Null Value in DecimalType column of DataFrame

Hi all,
I'm moving from spark 1.4 to 1.5, and one of my tests is failing.
It seems that there was some changes in org.apache.spark.sql.types.
DecimalType

This ugly code is a little sample to reproduce the error, don't use it into
your project.

test("spark test") {
  val file = context.sparkContext().textFile(s"${defaultFilePath}Test.csv").map(f
=> Row.fromSeq({
    val values = f.split(",")
    Seq(values.head.toString.toInt,values.tail.head.toString.toInt,BigDecimal(values.tail.tail.head),
    values.tail.tail.tail.head)}))

  val structType = StructType(Seq(StructField("id", IntegerType, false),
    StructField("int2", IntegerType, false), StructField("double",

 DecimalType(10,10), false),


    StructField("str2", StringType, false)))

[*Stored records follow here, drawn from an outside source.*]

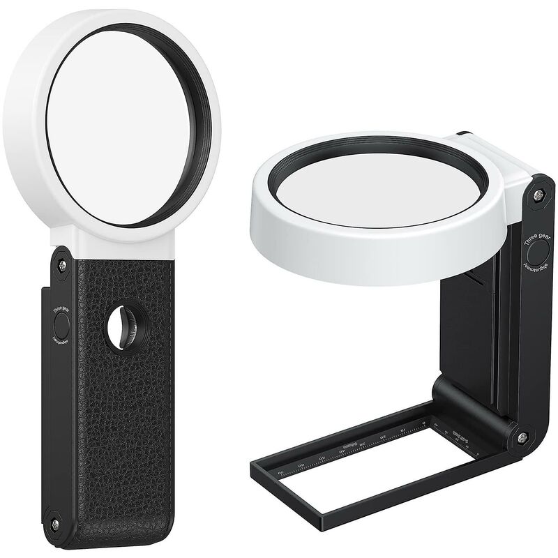 Lente d'ingrandimento illuminata: dotata di una lente di ingrandimento 25X e di una lente di ingrandimento 8X che garantiscono un'eccellente qualità dell'immagine senza distorsioni, inoltre, viene fornita anche con 6 luci LED ultra luminose e 2 luci UV, che consentono di leggere o lavorare al buio o identificare l'autenticità delle banconote. Tipi di utilizzo multipli: questa lente d'ingrandimento è comoda per l'uso manuale grazie al suo design leggero. Inoltre, può anche stare da solo in qualsiasi momento quando le tue mani sono stanche, liberando le mani per un uso più facile. Due alimentatori: la lente d'ingrandimento può essere alimentata da 3 batterie AAA da 1,5 V ( non incluso) o un cavo di ricarica USB, molto comodo da usare sia a casa che all'aperto. Ampia applicazione: grazie alla lente ottica acrilica da 80 mm senza distorsioni, questo palmare La lente d'ingrandimento è adatta per la lettura intensiva e non perderai i dettagli sottili di giornali, riviste, fotografie, mappe
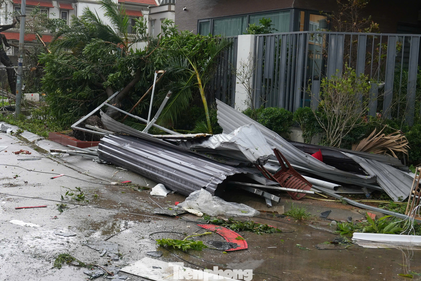 | Quang cảnh tại Bãi Cháy sáng nay không ai nhận ra. Những con đường quen thuộc giờ đây bị bao phủ bởi cây cối gãy đổ, mái tôn, biển quảng cáo bay tứ tung. |
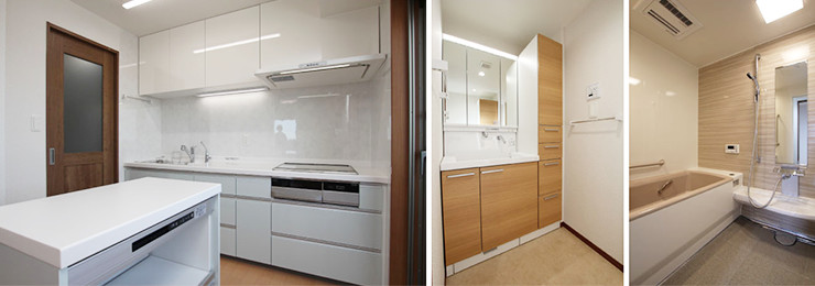 ▲ 左からキッチン(TOTO)、洗面化粧台(TOTO)、浴室(タカラスタンダード)

  val df = context.sqlContext.createDataFrame(file,structType)
  df.first
}

The content of the file is:

1,5,10.5,va
2,1,0.1,vb
3,8,10.0,vc

The problem resides in DecimalType, before 1.5 the scala wasn't required.
Now when using  DecimalType(12,10) it works fine, but using
DecimalType(10,10) the Decimal values
10.5 became null, and the 0.1 works.

Is there anybody working with DecimalType for 1.5.1?

Regards,
Dirceu

Re: Null Value in DecimalType column of DataFrame

Posted by Reynold Xin <rx...@databricks.com>.
+dev list

Hi Dirceu,

The answer to whether throwing an exception is better or null is better
depends on your use case. If you are debugging and want to find bugs with
your program, you might prefer throwing an exception. However, if you are
running on a large real-world dataset (i.e. data is dirty) and your query
can take a while (e.g. 30 mins), you then might prefer the system to just
assign null values to the dirty data that could lead to runtime exceptions,
because otherwise you could be spending days just to clean your data.

Postgres throws exceptions here, but I think that's mainly because it is
used for OLTP, and in those cases queries are short-running. Most other
analytic databases I believe just return null. The best we can do is to
provide a config option to indicate behavior for exception handling.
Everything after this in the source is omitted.